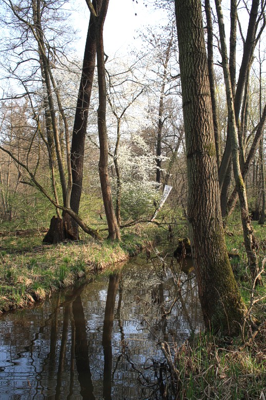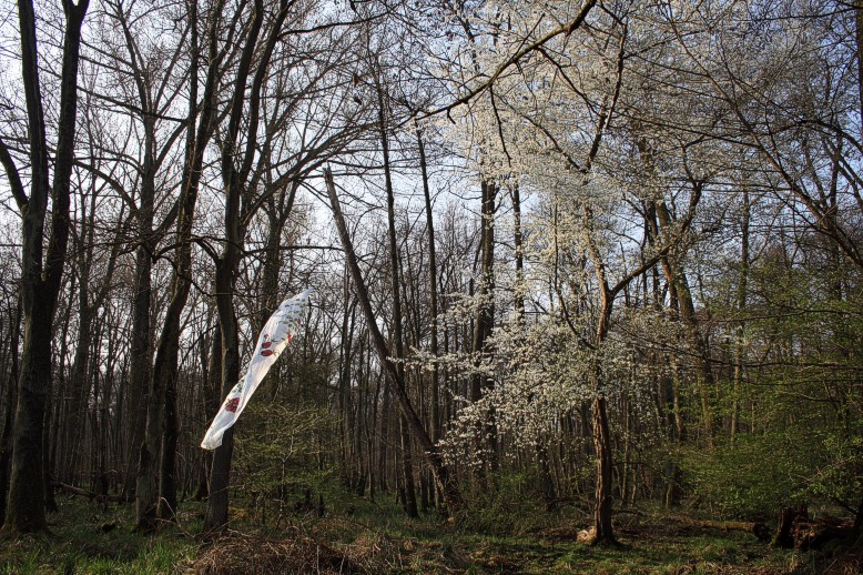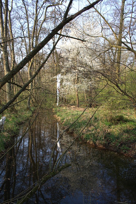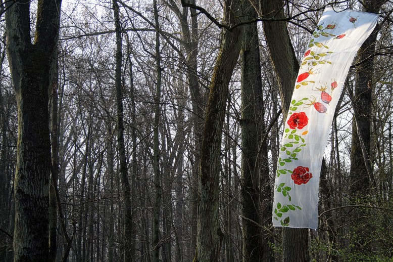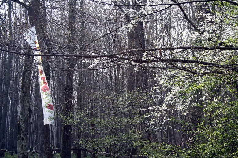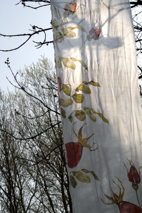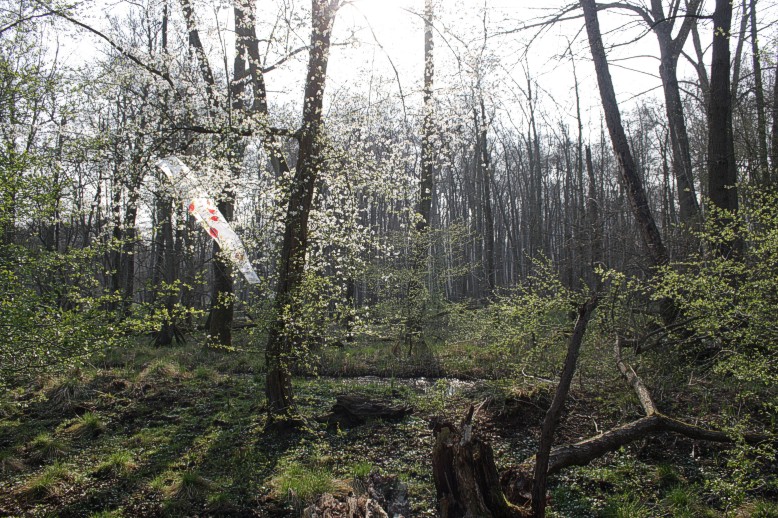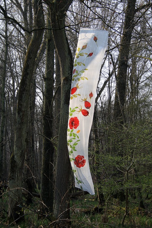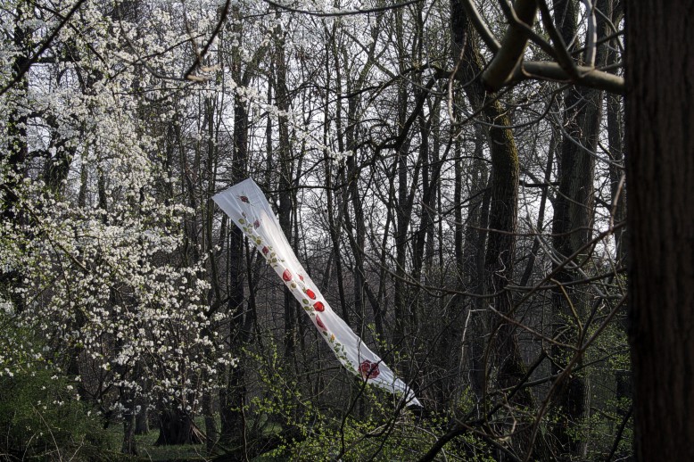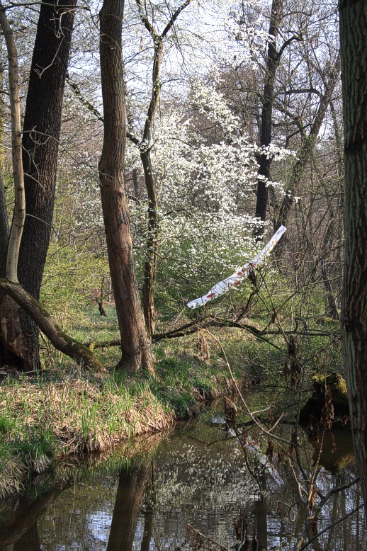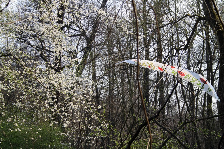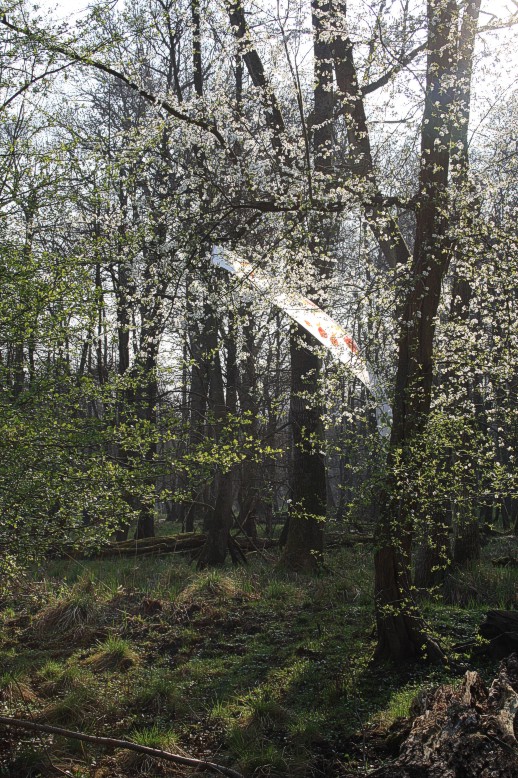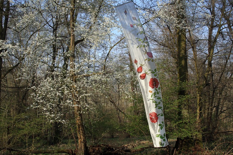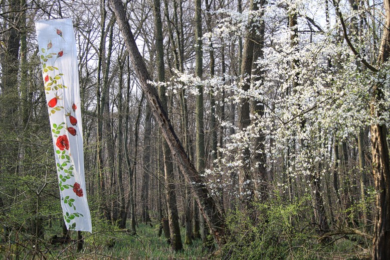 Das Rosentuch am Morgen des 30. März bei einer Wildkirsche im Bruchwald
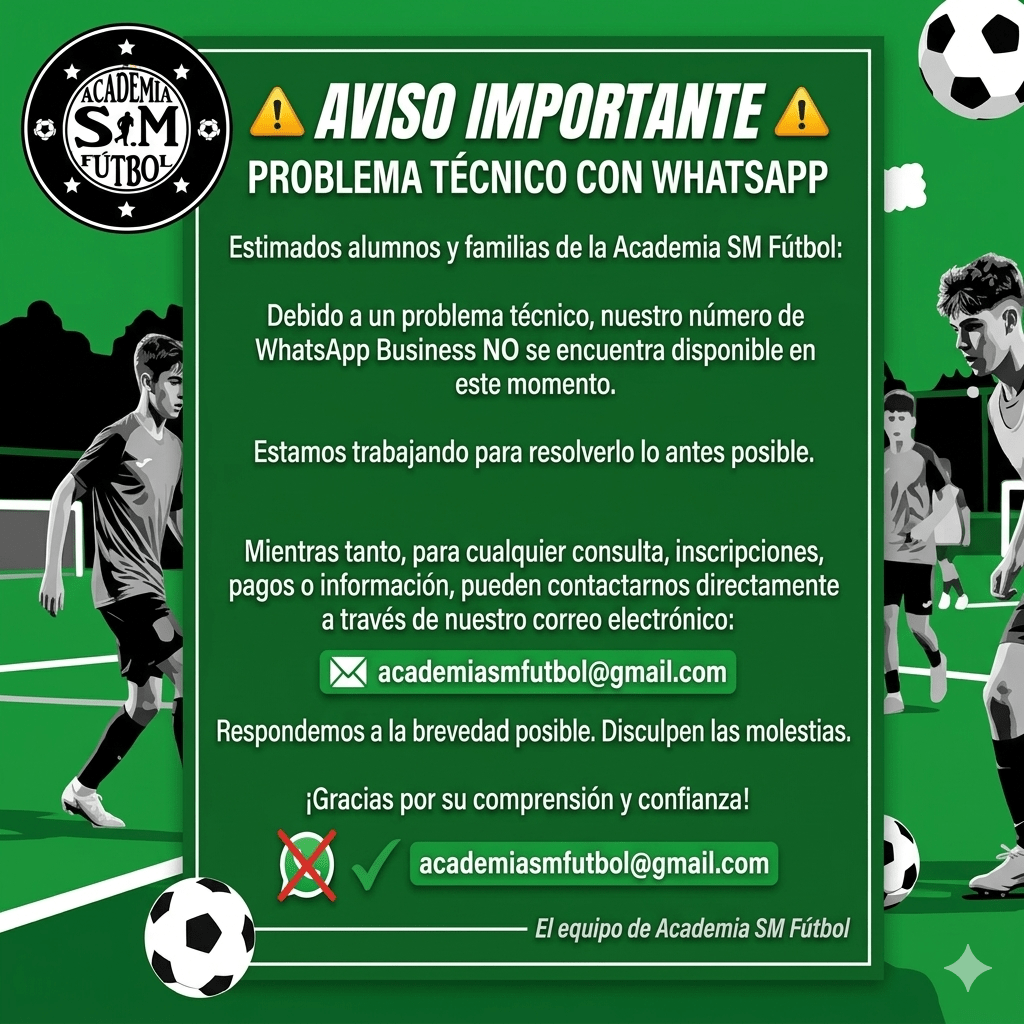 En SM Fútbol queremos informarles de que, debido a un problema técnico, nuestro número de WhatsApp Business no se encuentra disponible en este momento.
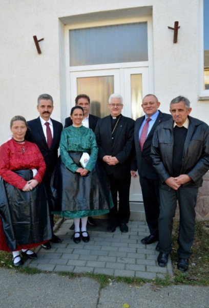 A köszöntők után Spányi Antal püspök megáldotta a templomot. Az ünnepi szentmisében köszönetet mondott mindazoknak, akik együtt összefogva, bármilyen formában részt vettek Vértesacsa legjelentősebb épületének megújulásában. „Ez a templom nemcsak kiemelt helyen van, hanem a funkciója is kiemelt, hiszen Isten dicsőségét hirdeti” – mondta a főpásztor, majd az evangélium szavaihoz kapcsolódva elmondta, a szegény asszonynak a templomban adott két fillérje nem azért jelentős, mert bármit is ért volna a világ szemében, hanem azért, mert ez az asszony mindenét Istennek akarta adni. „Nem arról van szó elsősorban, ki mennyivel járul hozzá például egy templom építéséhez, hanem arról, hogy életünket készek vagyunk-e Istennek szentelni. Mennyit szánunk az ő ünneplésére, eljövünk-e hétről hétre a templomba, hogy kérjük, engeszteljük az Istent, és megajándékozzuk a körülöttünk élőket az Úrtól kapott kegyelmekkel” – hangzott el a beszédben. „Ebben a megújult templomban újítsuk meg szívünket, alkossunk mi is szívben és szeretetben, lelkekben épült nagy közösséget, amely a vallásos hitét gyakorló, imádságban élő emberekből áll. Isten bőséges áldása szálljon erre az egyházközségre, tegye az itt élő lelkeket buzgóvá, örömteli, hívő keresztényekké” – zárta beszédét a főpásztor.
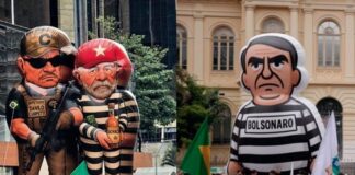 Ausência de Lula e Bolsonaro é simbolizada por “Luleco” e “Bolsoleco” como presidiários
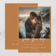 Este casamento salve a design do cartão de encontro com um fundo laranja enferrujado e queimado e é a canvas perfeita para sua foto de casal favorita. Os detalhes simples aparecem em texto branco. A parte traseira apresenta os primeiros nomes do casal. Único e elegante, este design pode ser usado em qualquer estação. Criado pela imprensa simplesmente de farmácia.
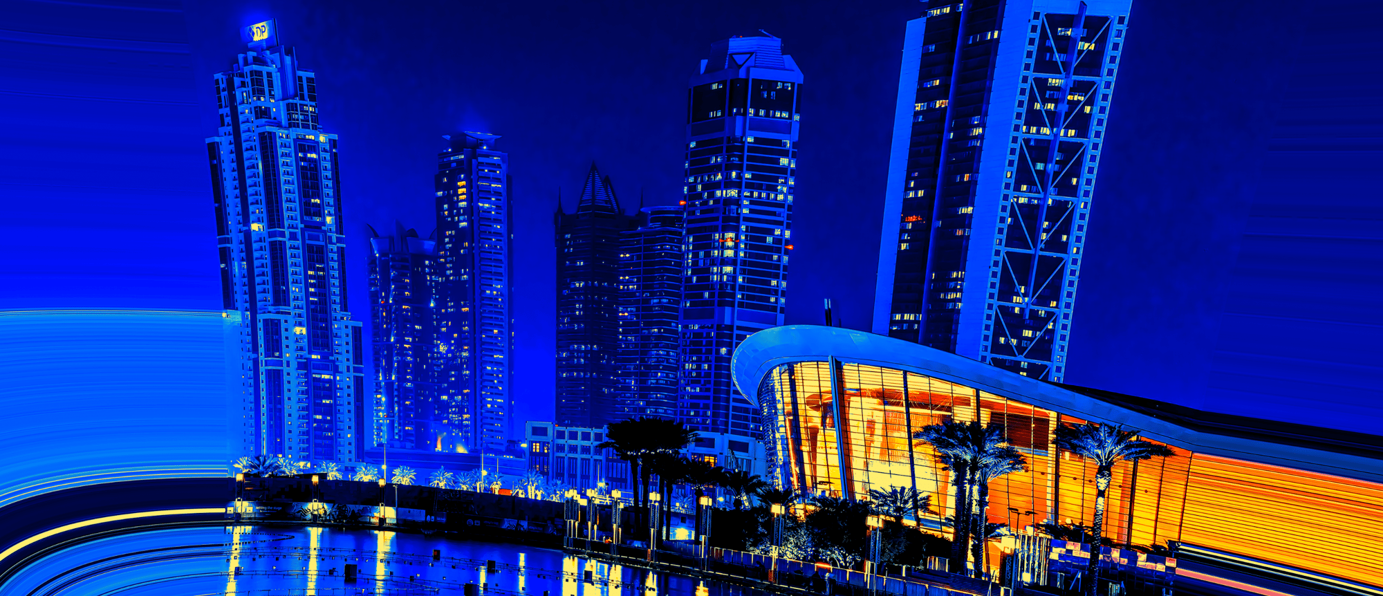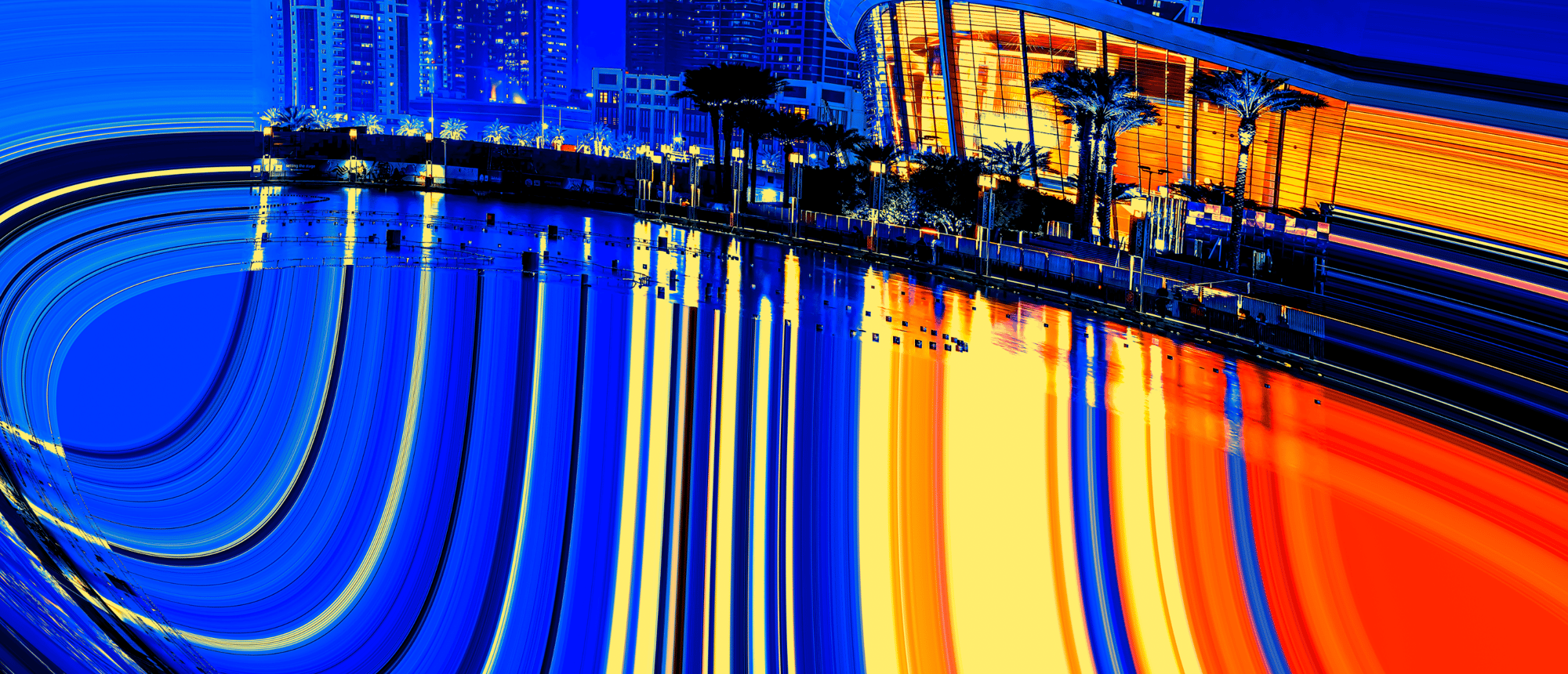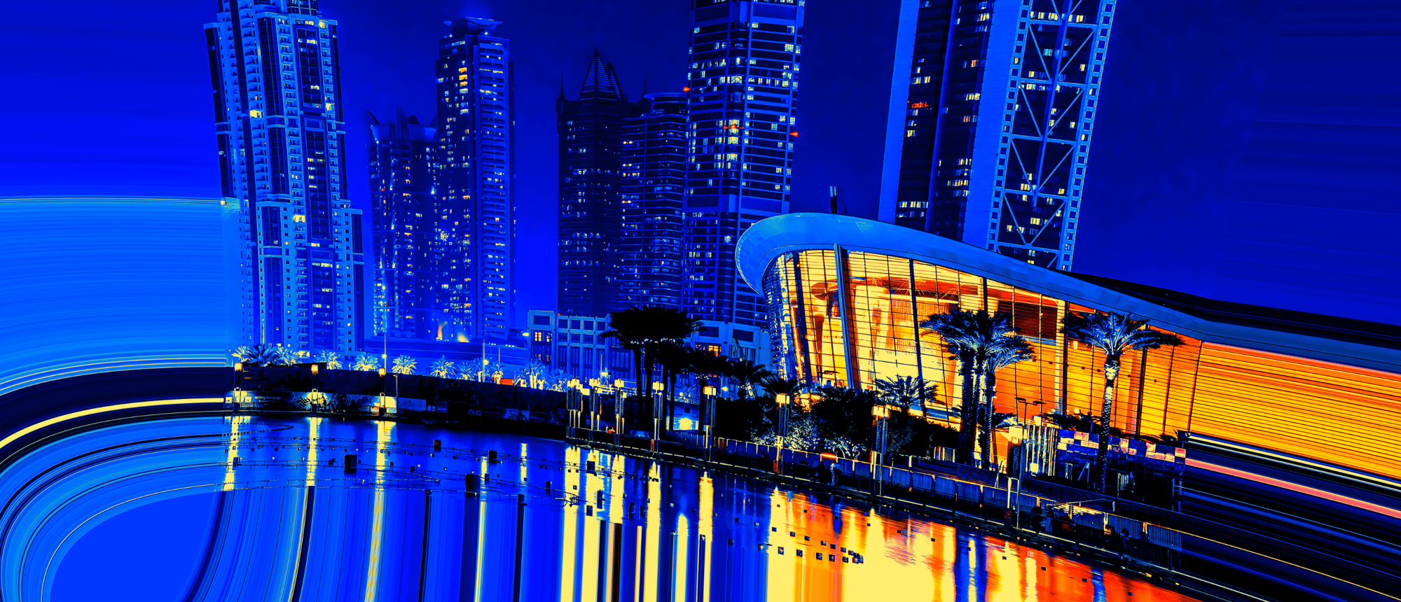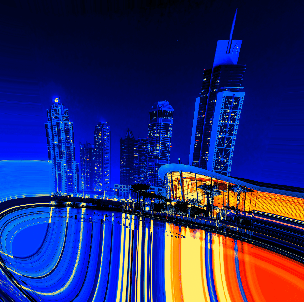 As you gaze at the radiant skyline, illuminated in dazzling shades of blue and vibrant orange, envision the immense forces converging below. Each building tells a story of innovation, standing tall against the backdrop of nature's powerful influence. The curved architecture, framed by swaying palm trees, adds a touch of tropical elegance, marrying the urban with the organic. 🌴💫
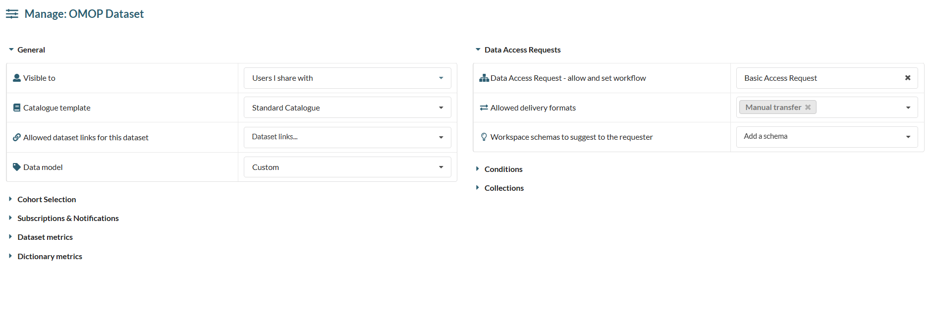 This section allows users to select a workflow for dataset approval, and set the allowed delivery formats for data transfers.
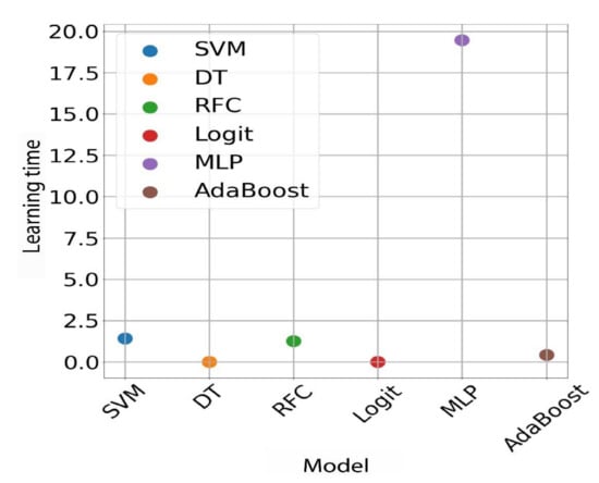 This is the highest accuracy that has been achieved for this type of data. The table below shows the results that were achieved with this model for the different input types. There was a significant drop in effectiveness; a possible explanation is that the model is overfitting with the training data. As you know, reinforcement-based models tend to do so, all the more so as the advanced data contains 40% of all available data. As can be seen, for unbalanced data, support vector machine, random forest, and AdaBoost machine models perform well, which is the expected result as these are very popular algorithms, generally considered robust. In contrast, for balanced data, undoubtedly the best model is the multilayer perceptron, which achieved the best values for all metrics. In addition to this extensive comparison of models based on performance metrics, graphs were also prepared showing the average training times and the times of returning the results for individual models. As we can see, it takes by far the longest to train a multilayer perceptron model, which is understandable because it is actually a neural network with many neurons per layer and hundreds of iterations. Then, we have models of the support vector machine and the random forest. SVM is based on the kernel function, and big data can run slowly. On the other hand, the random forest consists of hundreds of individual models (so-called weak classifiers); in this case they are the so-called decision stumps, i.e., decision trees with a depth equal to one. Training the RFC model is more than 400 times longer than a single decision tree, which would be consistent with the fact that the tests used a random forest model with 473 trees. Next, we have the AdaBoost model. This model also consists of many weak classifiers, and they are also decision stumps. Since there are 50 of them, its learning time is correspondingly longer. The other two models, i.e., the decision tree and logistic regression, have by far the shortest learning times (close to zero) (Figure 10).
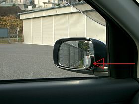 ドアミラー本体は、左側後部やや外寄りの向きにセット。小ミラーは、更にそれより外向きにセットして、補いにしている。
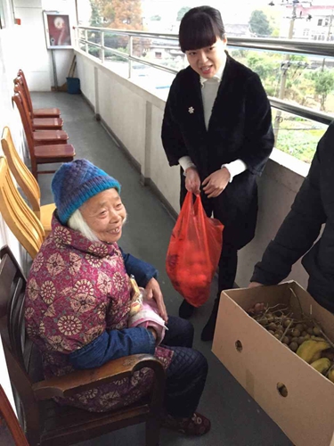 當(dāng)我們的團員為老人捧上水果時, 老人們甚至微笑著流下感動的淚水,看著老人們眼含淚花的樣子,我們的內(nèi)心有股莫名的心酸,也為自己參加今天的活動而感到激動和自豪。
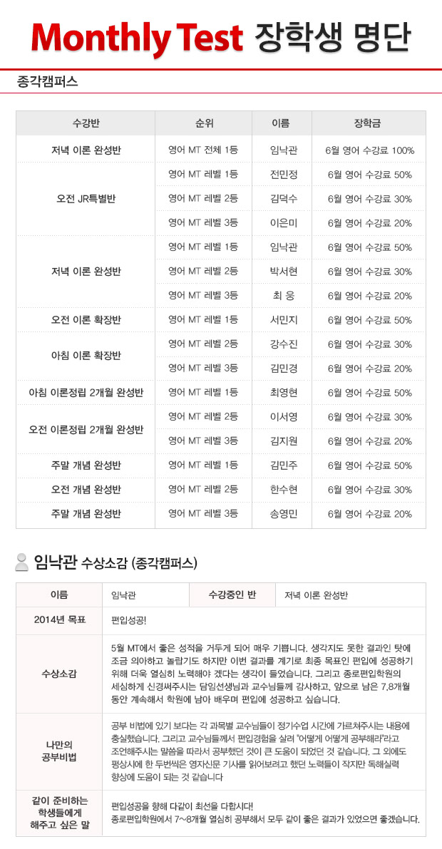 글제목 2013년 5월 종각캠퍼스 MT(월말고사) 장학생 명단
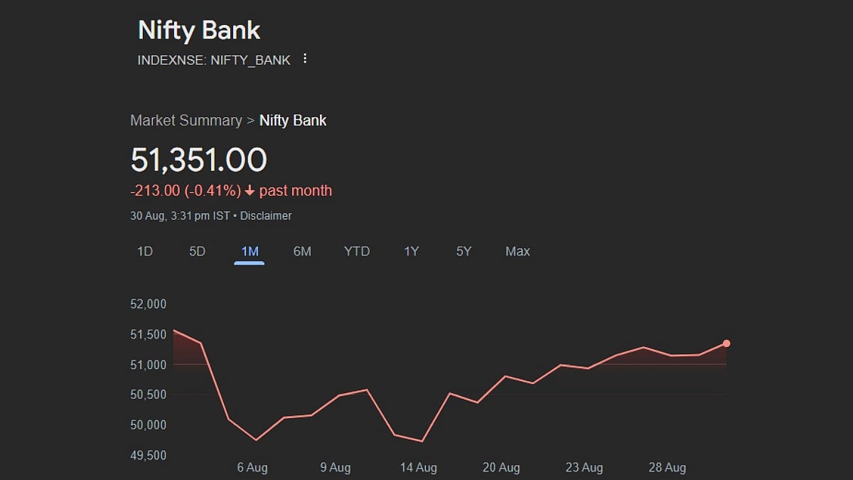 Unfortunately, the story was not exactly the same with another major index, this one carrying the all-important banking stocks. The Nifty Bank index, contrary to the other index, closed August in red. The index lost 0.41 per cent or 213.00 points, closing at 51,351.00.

### WHAT THE TASK ASKS
Copy exactly, please, every line from the one holding "ドアミラー本体は、左側後部や" through the last line of the data, both ends included, and no pictures.

### TASK RESULT
 ドアミラー本体は、左側後部やや外寄りの向きにセット。小ミラーは、更にそれより外向きにセットして、補いにしている。
 當(dāng)我們的團員為老人捧上水果時, 老人們甚至微笑著流下感動的淚水,看著老人們眼含淚花的樣子,我們的內(nèi)心有股莫名的心酸,也為自己參加今天的活動而感到激動和自豪。
 글제목 2013년 5월 종각캠퍼스 MT(월말고사) 장학생 명단
 Unfortunately, the story was not exactly the same with another major index, this one carrying the all-important banking stocks. The Nifty Bank index, contrary to the other index, closed August in red. The index lost 0.41 per cent or 213.00 points, closing at 51,351.00.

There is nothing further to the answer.